I don't know what you mean by installing Ubuntu "under" WinXP, but let's say you are booted into an Ubuntu environment and want to activate the cups printer driver system for your cannon printer (I have an hp PSC 1315).

The way I boot up the driver for my hp printer is as follows (cannon should be similar with a different driver choice obviously):
Select: Main menu>System>Administration>Printing

This will bring up the Printer Configuration Window
Select: New Printer (regardless of what is there)

This will cause the Ubuntu system to search for printers
Select: Forward for the found printer

This will cause the Ubuntu system to search for drivers for the found printer

Select: Forward for the found driver (in my case HP, in your case Cannon)
Select: Forward for the found model (PSC 1310 in my case for PSC 1315 model)
Rename the printer to a smaller string: hp in my case
Click on Apply
Select hp printer in window (brings up configuration menu for printer options)
Select Printer Options tab
Choose Printout Mode: (Normal Grayscale: black cartridge) default is color
Click on Apply
Select File>Quit and you are done.

The command to first query the print queue's readiness and then print a small text file, test.txt (which you must create) is:
$ lpq
hp is ready Note: your cannon printer name instead of my hp named printer queue
no entries

$ lpr -Php text.txt Note: replace the hp with the name you gave your cannon printer

This will print the small test text file named test.txt (which you must create first).

-- Tom


----------



## Wino (Dec 1, 2001)

I'd suggest connecting the MX700 directly to router with standard CAT5 network cable if they are in close proximity, assigning a fixed IP address 192.168.001.xxx and then trying to use either Ubuntu LPD/LPR Host or Printer set up or the IPP set. This is what I did (LPR) with an older Minolta Magicolor 2200 laser.
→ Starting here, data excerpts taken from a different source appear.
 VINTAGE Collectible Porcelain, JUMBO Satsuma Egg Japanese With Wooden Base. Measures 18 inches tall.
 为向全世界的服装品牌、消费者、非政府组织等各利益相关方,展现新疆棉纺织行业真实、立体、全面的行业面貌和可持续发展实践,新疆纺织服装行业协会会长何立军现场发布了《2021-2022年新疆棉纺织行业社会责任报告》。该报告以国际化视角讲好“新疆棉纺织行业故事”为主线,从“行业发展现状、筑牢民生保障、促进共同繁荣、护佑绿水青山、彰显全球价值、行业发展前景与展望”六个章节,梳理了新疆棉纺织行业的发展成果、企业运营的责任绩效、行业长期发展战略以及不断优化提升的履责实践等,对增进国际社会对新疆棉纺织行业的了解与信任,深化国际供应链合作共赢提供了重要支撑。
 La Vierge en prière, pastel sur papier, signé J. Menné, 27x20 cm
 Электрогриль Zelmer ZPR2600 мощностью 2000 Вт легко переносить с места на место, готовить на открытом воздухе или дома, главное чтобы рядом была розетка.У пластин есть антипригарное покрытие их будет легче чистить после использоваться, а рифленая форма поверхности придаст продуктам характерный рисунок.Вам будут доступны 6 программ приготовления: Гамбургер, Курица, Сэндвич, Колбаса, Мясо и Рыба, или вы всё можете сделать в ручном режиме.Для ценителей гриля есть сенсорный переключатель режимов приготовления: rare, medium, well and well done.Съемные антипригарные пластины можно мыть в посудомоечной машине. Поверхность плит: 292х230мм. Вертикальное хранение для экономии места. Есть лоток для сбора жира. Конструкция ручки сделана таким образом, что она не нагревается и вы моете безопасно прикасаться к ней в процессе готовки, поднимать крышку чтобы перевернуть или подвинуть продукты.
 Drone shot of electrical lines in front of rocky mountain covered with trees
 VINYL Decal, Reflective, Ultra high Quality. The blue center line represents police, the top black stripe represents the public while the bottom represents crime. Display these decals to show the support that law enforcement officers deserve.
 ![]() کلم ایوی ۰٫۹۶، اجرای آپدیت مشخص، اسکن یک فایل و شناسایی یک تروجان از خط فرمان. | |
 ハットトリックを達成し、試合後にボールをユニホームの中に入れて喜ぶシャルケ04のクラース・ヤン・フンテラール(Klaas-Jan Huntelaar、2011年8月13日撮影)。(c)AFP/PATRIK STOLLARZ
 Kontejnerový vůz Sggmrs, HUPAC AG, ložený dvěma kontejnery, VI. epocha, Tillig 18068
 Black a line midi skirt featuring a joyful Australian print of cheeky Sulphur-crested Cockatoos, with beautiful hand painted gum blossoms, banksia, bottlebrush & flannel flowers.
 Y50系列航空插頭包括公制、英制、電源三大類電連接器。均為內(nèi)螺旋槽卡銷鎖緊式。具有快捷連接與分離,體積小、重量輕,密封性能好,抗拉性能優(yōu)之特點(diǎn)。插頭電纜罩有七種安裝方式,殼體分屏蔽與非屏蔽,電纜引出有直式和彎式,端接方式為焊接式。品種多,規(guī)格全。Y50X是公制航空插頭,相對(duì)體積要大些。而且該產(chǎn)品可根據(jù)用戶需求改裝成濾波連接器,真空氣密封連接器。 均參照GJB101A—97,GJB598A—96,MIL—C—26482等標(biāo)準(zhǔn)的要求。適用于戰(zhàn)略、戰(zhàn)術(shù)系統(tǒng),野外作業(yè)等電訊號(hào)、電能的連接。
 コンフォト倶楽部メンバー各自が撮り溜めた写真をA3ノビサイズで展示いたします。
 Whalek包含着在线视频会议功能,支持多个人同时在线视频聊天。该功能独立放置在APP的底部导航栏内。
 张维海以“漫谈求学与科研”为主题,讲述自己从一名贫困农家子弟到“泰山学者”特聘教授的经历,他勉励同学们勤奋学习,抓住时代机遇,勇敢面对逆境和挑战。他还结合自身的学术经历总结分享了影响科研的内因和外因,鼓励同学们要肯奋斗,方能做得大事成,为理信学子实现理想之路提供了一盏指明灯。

One advantage of the LPR/IP connection is I can use the printer from any of my other computers at any time (not like using a network printer that is connected to another computer that has to be on to use printer) so whichever computer is on I can always print to the networked printer.

This is assuming your MX700 has network capabilities - it showed to have that in specs I looked at.

I'm running two XP machines with Hardy Heron installed within Windows and enjoying.

PS - This works with all my machines hard wired or wireless (8 total - 4 wireless and 4 hardwired.)


----------